After Jesus' solemn entry into Jerusalem, the crowd cries out for His crucifixion. And Jesus dies, gives His life to save us, to redeem us from our sins.
It is easy for us to think that the Jews were the reason for Jesus’ condemnation. However, the truth is that Jesus' condemnation happens because of the paths of our sin, of our spiritual illness, of our disobedience to God.
It is exactly and particularly this disobedience that brings Jesus to trial so that a sentence may be given to Him. And Jesus accepts being condemned to death, He allows Himself to be killed, because He loves us infinitely.
We see that in Jesus, when He is condemned to death, the greatest injustice ever seen in any court in the world occurs. The judge condemns the accused and, at the same time, declares him innocent.
And Jesus accepts that sentence in a state of silence. Not a silence based on the crimes with which He is falsely accused by some members of the old covenant, but a silence accepted and offered to the Father in reparation for our faults, for which He chose to offer Himself completely to redeem us.

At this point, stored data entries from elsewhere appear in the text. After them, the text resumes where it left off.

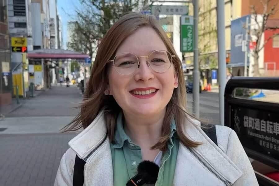 箸の使い方に苦戦しながらも、ミカエラさんはなんとか口に運びます。レナさんが「きしめんは箸で食べるのが難しいんだよ」というと、うなずきながら苦笑いを浮かべました。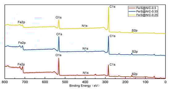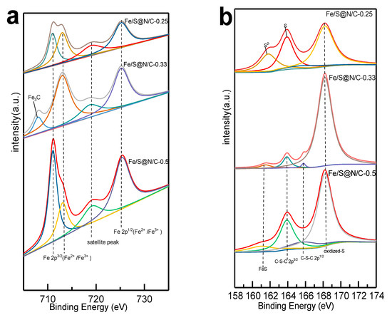 X-ray photoelectron spectroscopy (XPS) was employed to clarify the detailed chemical profiles for all sorts of elements in Fe/S@N/C-x, and the data were plotted in Figure 7 and Figure 8. Survey spectra in Figure 7 confirm the existence of Fe, O, N, C, and S elements in all Fe/S@N/C-x samples. The photoelectric peaks of the N 1s spectrum imply the presences of pyridinic N, pyrrolic N, and graphitic N [52] with a binding energy center at 398.6, 400.1, and 401.8 eV, respectively (Figure 8c supporting information). In Figure 8b, the S2p spectra of Fe/S@N/C-0.5 and Fe/S@N/C-0.33 samples’ main crystal phases of FeS could both match well with the C-S-C chemical bonding; the peaks at 163.8 eV and 165.7 eV correspond to S 2p3/2 and S 2p1/2, respectively. The appearance of C-S-C bond confirms that S atoms were successfully incorporated into the structure of aromatic carbon, the active site of which is believed to be thiophene S [53]. The binding energy of 161 eV is related to FeS, and another peak at 168.2eV corresponds to SOx. The deconvoluted Fe 2p spectra in Figure 8a show the formation of Fe 2p3/2 (Fe2+/Fe3+) and 2p1/2 (Fe2+/Fe3+) in all Fe/S@N/C-x samples at approximately 711–713 and 716.5 eV, respectively. The powerful interaction between Fe2+ and S species could give rise to the production of FeS [54,55]. It is widely reported that these nanoparticles could be the active sites for ORR performance [56]. For Fe/S@N/C-0.33, an extra weaker peak at 708.4 eV emerges, which is matched with Fe/Fe3C. For the last few years, many studies have shown that the catalytic activity could be significantly diminished when Fe3C exists [57], and the same is true for aggregate Fe particles. Hence, the Fe/S@N/C-0.33 catalyst displays a weaker ORR performance compared with Fe/S@N/C-0.5, even though their main phases are the same (FeS). As for the C 1s spectrum of the Fe/S@N/C-0.5 and Fe/S@N/C-0.33 samples, the binding energy values of 284, 286, and 286.3 eV are relevant to C-C, C-N/C-S/C-O and C = O/C = N, respectively (Figure 8d). Additionally, as shown in the table of the proportion for each element (Table 4), the atomic contents of S and Fe are proportional in Fe/S@N/C-0.5, and both are the highest among the three samples. Within a certain concentration range, the ORR activity increased with the increase of the Fe content, and similar conclusions have been reached in some previous research [58]. Corresponding to the electrochemical properties tested above, it can be clearly seen that the content of S also has a positive correlation with the ORR activity. That is, Fe/S@N/C-0.5 (S% = 6.63) > Fe/S@N/C-0.5 (S% = 4.32) > Fe/S@N/C-0.5 (S% = 3.97), and the sum of the contents of Fe, N, and S follows this order as well.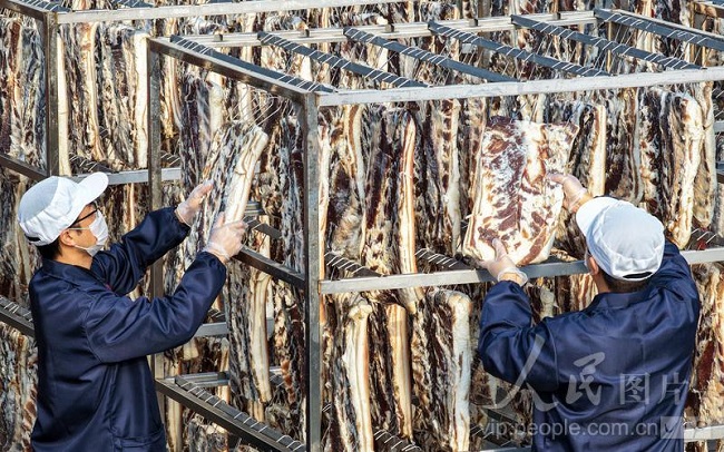 总说明:2026年1月8日,在安徽省黄山市黄山区全江生态农业科技有限公司的晒场上,工人利用晴好天气,忙着晾晒腌制后的徽州腊味,以供春节市场需求。 近年来,安徽省黄山市黄山区大力发展徽州腊味产业,将传统腌制晾晒后的腊肉、火腿、香肠等徽州腊味产品,通过“线上”和“线下”的销售方式,供应各地市场,同时有效带动了一大批村民在家门口就业创业,实现增收致富,助力乡村振兴。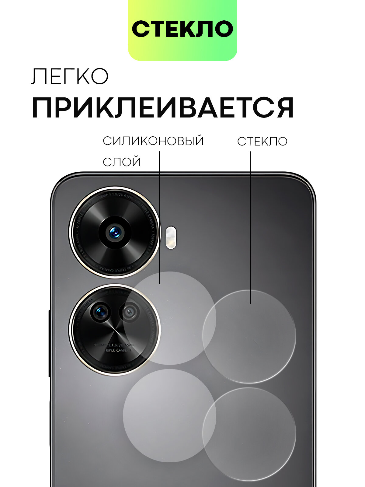 Защитное стекло на модуль камер для Huawei Nova 11 SE и 12 SE (Хуавей Нова 11 СЕ и 12 СЕ), BROSCORP, прозрачное интересное: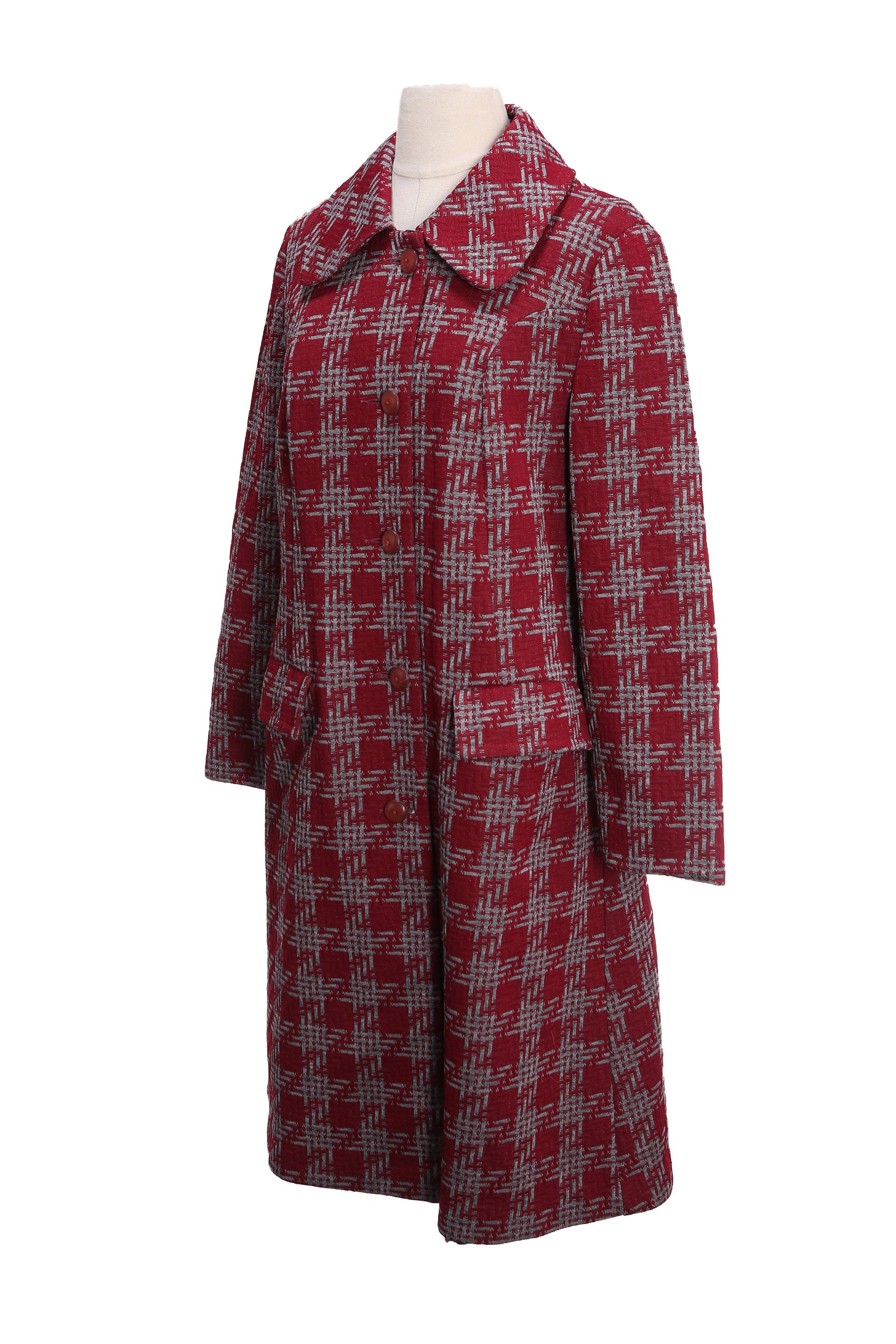 Vintage Women Red Plaid Casual Coat by Lanson - Estimated Era 1960's - 1970's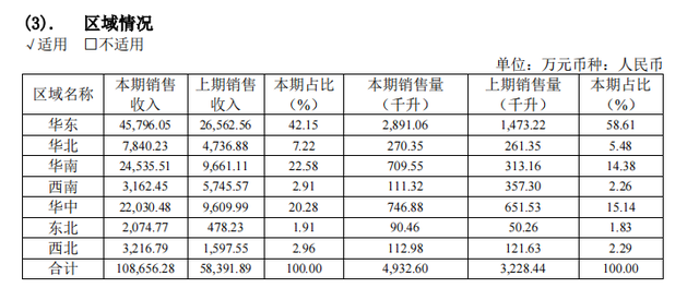 只是奋战两年多,从结果看营收大头主要集中在华东、华中、华南地区,其他区域表现一般。以华东为例,2022年营收4.58亿元,同比增长72.41%,营收占比42%。而西南、西北、东北地区占比不足3%,如西南仅5746万元,占比2.91%。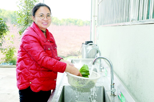 图为12月6日,金安区张店镇柽树庵村村民鲍玉正高兴地使用自来水洗菜。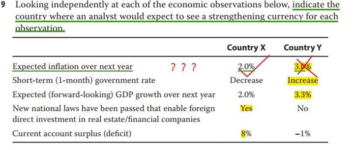 - 第5题,从经济学公式X-M=(S-I)+(T-G)来看,如果经常账户赤字增加,不是意味着该国投资大于储蓄,或政府支出大于税收么,那么整体环境应该是好的,应该有利于资本的流入吧?为什么答案是反过来去赤字减少或盈余的国家呢?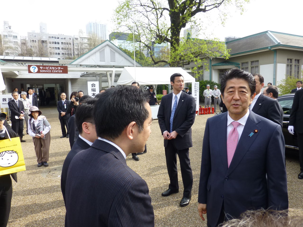 実は、新宿御苑は環境省が管理しています。そのため、今日は丸川珠代環境大臣の代理として、安倍総理大臣をご案内する大役を務めました。安倍総理は予定より大分早く到着されたため、しばらく待合室で一緒に懇談していましたが、良い天気に恵まれたこともあって、ご機嫌でした。

I think that, in this way, we can reflect today that, in the case against Jesus, we are all present. I remember how, in Braga, Portugal, at the Shrine of Bom Jesus do Monte, after more than 500 baroque stairs on the terrace next to the basilica’s door, there are several statues arranged as a courtroom: those who accuse and those who defend.
However, what I like most is precisely the fact that there, in the center, there is also space for us.
That in the moments when we are carried away by the difficulties of life, we may imitate Our Lord, trust in God who is Love, and respond to Him with the silence of our hearts.
May the "Virgin of the Encounter" on the way to Calvary encourage and strengthen us so that our response may also be a total YES of coherence and adherence to God's will.